*Source records*:
%%

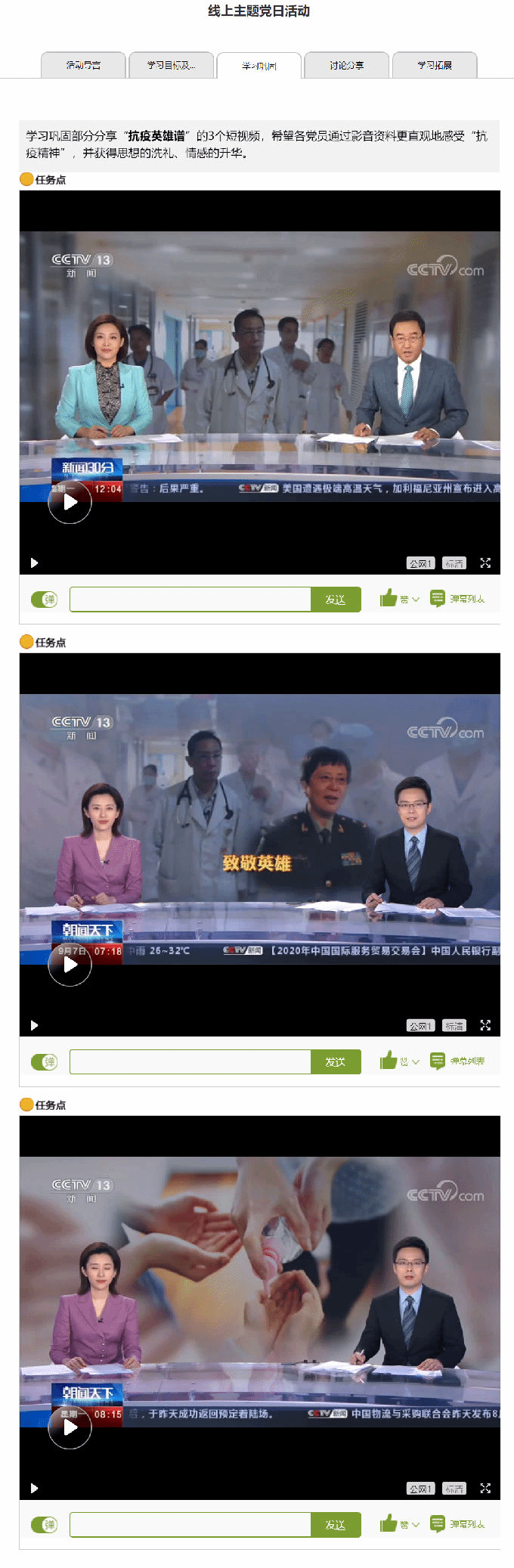 在学习巩固部分,党组织同各党员分享了“抗疫英雄谱”的3个短视频,包括“共和国勋章”获得者钟南山院士的事迹简介,“人民英雄”国家荣誉称号获得者中的唯一一个军人陈薇院士的事迹简介以及全国人民共同抗疫的先进榜样的事迹简介。各党员通过影音资料能更直观地感受“抗疫精神”并获得思想的洗礼、情感的升华。
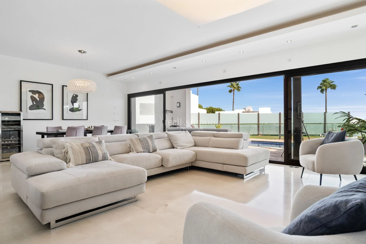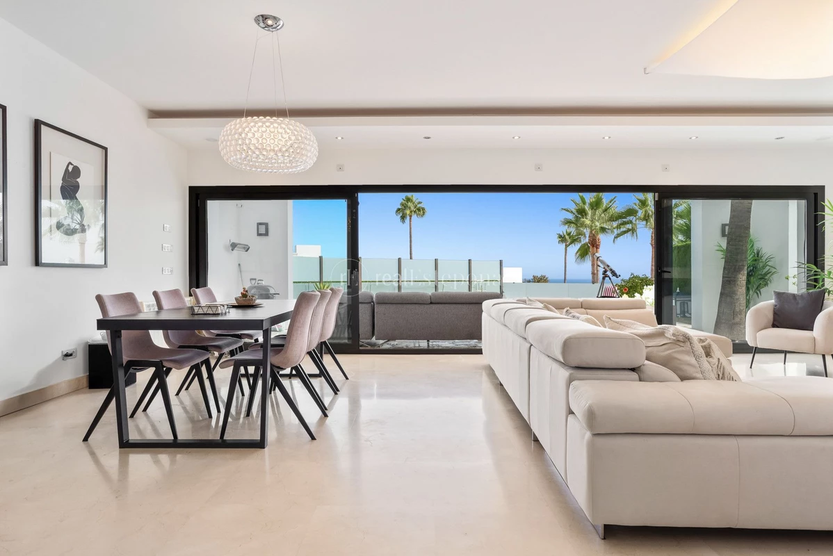 The interior comes fully furnished, showcasing a sleek, fully fitted kitchen, a bright dining room, and an inviting living area. Floor-to-ceiling glass doors flood the home with natural light while framing panoramic vistas of the sea, mountains, golf course, and surrounding greenery. Enjoy unobstructed views stretching across the coastline, a spectacular setting for entertaining or sunset cocktails.
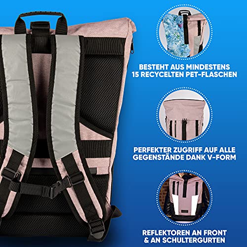 Invilus ® Zaino Rolltop in materiale riciclato e altamente riflettente [Sicuro durante la notte] Lo zaino perfetto per la stagione buia Per università, sport, lavoro o tempo libero, Colore:
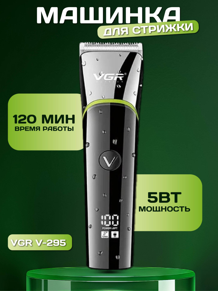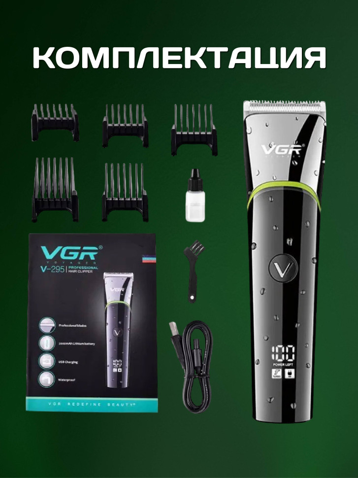 V-295 - профессиональный перезаряжаемый от USB аккумуляторный триммер для волос. В набор профессиональный триммер для стрижки волос входит 5 съемных насадок 4, 8, 12, 16 и 20 мм, масло для лезвий, USB кабель для зарядки, щеточка для чистки. Профессиональная машинка для стрижки триммер для стрижки бороды и усов - это универсальный прибор для короткой стрижки волос с острыми лезвиями из высококачественной нержавеющей стали. Работа от встроенного Li-ion аккумулятора. Индикатор питания оповестит, когда нужно зарядить машинку. Стильный и эргономичный дизайн. Триммер для стрижки бороды и усов имеет гладкую поверхность., приятно ложится в руку. Профессиональный машинка для стрижки триммер для стрижки бороды и усов отличный, незаменимый и очень стильный подарок мужчине на любой праздник и просто без повода.
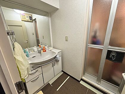 洗面脱衣所になります。大型の鏡付の洗面台もございます。
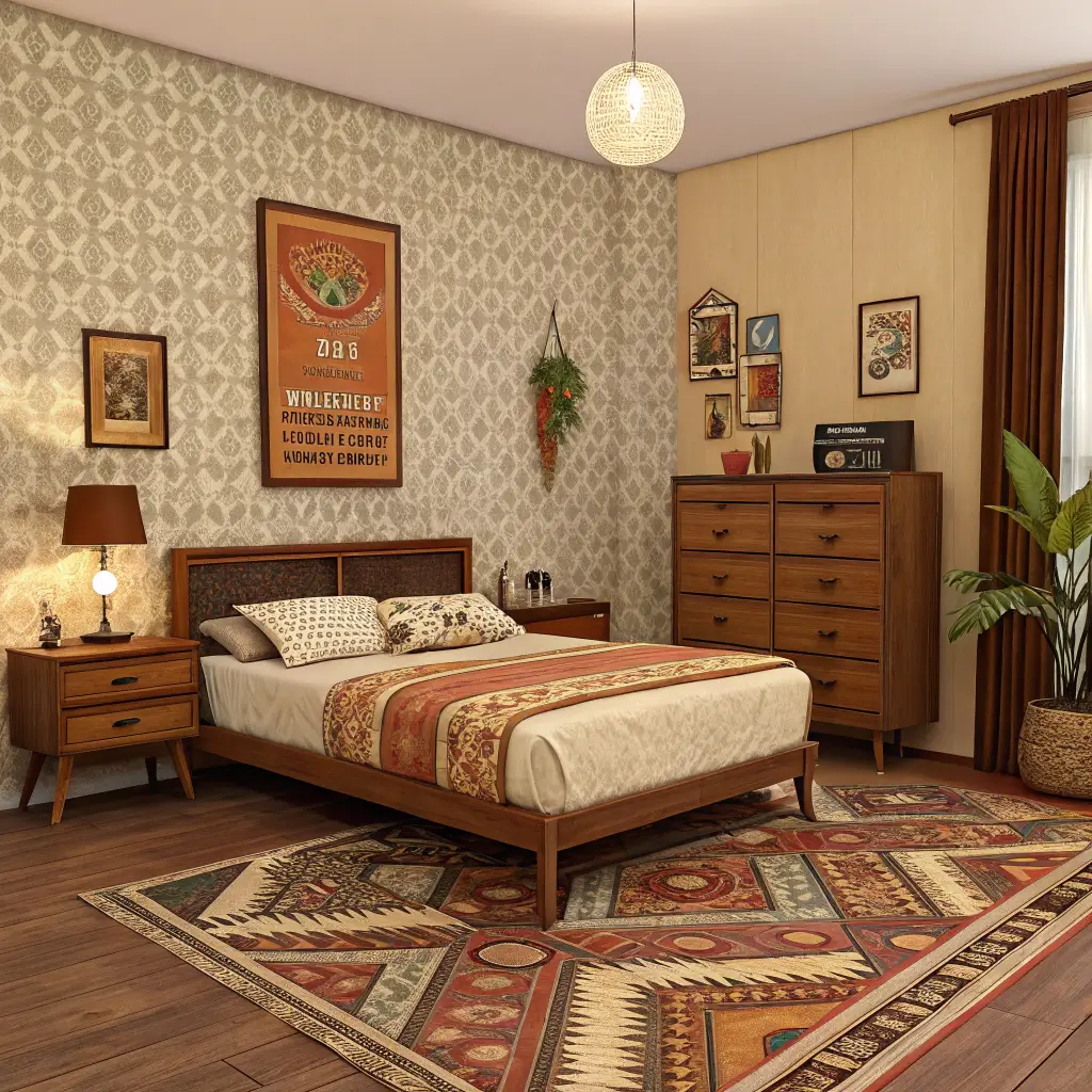 - 1960s: Bold geometric patterns, shag rugs, space-age furniture
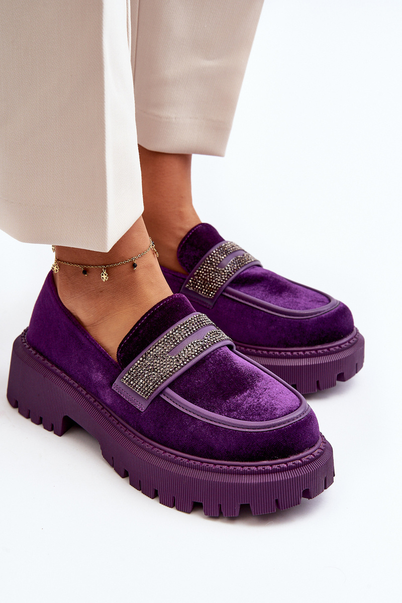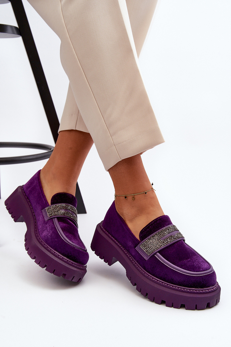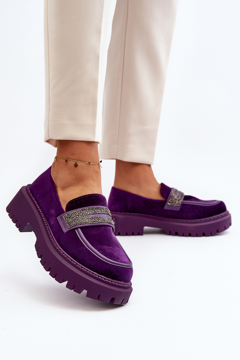 Mokasyny Welurowe Damskie Ozdoba Fioletowe Wendreda H8-316
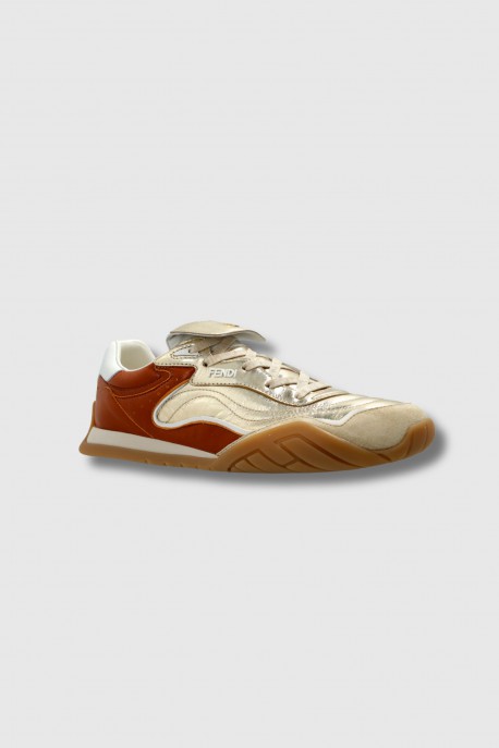 These bronze and gold leather sneakers are by Fendi. Designed for women who value elegance and functionality, they feature a dazzling gold leather with brown and beige accents. The thick contoured sole provides grip and stability, while subtle metallic details add refinement and a unique touch.
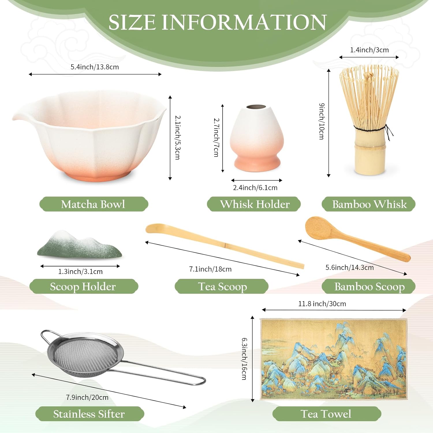 - 【Complete Matcha Making Kit】 This matcha set for matcha enthusiasts includes everything needed to craft authentic matcha: lead-Free Ceramic Bowl*1, Bamboo Whisk*1, Bamboo Scoops*2, Stainless Steel Sifter*1, Scoop Holder*1, Tea Towel*1, Whisk Holder*1—all exquisitely packaged for secure delivery. Featuring detailed brewing instructions printed on the packaging, these meticulously crafted tools empower both matcha starter and connoisseurs to effortlessly prepare perfect matcha tea every time.
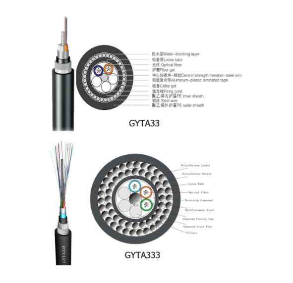 2 6 8 12 24 36 48 72 96 144 Core Armored GYTA333 Underwater Fiber Optic Cable
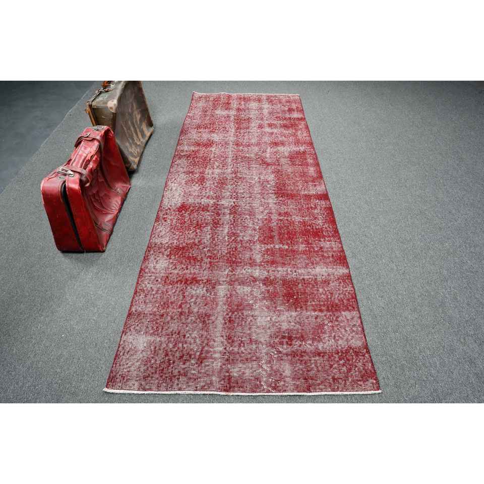 3.3x9.7 ft Turkish Rug, Red Plants & trees Vintage Rug Wool
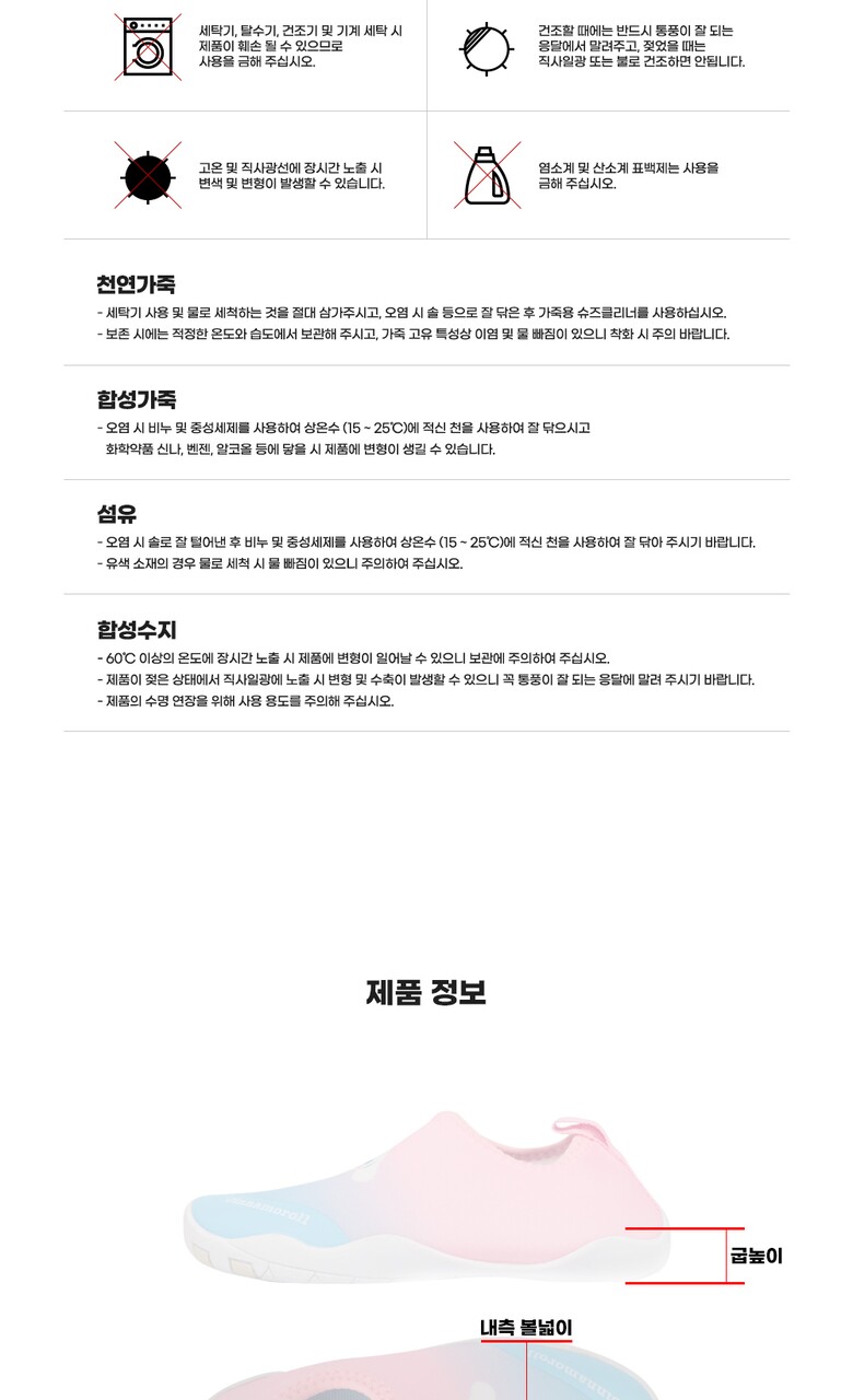 6. 취급시 주의사항 | 오염제거는 엷게 푼 세제를 부드러운 헝겊에 묻혀서 닦아주십시오. 세탁기 사용을 금합니다. 화기에 가까이하지 마세요. 오염 시 물 세척 후 통풍이 양호한 응달에서 건조 후 사용하세요. |

%%

*WHAT IS EXPECTED*: The result should be every line of the data, reproduced exactly, with the images removed.

*RESPONSE TO THE TASK*:
 在学习巩固部分,党组织同各党员分享了“抗疫英雄谱”的3个短视频,包括“共和国勋章”获得者钟南山院士的事迹简介,“人民英雄”国家荣誉称号获得者中的唯一一个军人陈薇院士的事迹简介以及全国人民共同抗疫的先进榜样的事迹简介。各党员通过影音资料能更直观地感受“抗疫精神”并获得思想的洗礼、情感的升华。
 The interior comes fully furnished, showcasing a sleek, fully fitted kitchen, a bright dining room, and an inviting living area. Floor-to-ceiling glass doors flood the home with natural light while framing panoramic vistas of the sea, mountains, golf course, and surrounding greenery. Enjoy unobstructed views stretching across the coastline, a spectacular setting for entertaining or sunset cocktails.
 Invilus ® Zaino Rolltop in materiale riciclato e altamente riflettente [Sicuro durante la notte] Lo zaino perfetto per la stagione buia Per università, sport, lavoro o tempo libero, Colore:
 V-295 - профессиональный перезаряжаемый от USB аккумуляторный триммер для волос. В набор профессиональный триммер для стрижки волос входит 5 съемных насадок 4, 8, 12, 16 и 20 мм, масло для лезвий, USB кабель для зарядки, щеточка для чистки. Профессиональная машинка для стрижки триммер для стрижки бороды и усов - это универсальный прибор для короткой стрижки волос с острыми лезвиями из высококачественной нержавеющей стали. Работа от встроенного Li-ion аккумулятора. Индикатор питания оповестит, когда нужно зарядить машинку. Стильный и эргономичный дизайн. Триммер для стрижки бороды и усов имеет гладкую поверхность., приятно ложится в руку. Профессиональный машинка для стрижки триммер для стрижки бороды и усов отличный, незаменимый и очень стильный подарок мужчине на любой праздник и просто без повода.
 洗面脱衣所になります。大型の鏡付の洗面台もございます。
 - 1960s: Bold geometric patterns, shag rugs, space-age furniture
 Mokasyny Welurowe Damskie Ozdoba Fioletowe Wendreda H8-316
 These bronze and gold leather sneakers are by Fendi. Designed for women who value elegance and functionality, they feature a dazzling gold leather with brown and beige accents. The thick contoured sole provides grip and stability, while subtle metallic details add refinement and a unique touch.
 - 【Complete Matcha Making Kit】 This matcha set for matcha enthusiasts includes everything needed to craft authentic matcha: lead-Free Ceramic Bowl*1, Bamboo Whisk*1, Bamboo Scoops*2, Stainless Steel Sifter*1, Scoop Holder*1, Tea Towel*1, Whisk Holder*1—all exquisitely packaged for secure delivery. Featuring detailed brewing instructions printed on the packaging, these meticulously crafted tools empower both matcha starter and connoisseurs to effortlessly prepare perfect matcha tea every time.
 2 6 8 12 24 36 48 72 96 144 Core Armored GYTA333 Underwater Fiber Optic Cable
 3.3x9.7 ft Turkish Rug, Red Plants & trees Vintage Rug Wool
 6. 취급시 주의사항 | 오염제거는 엷게 푼 세제를 부드러운 헝겊에 묻혀서 닦아주십시오. 세탁기 사용을 금합니다. 화기에 가까이하지 마세요. 오염 시 물 세척 후 통풍이 양호한 응달에서 건조 후 사용하세요. |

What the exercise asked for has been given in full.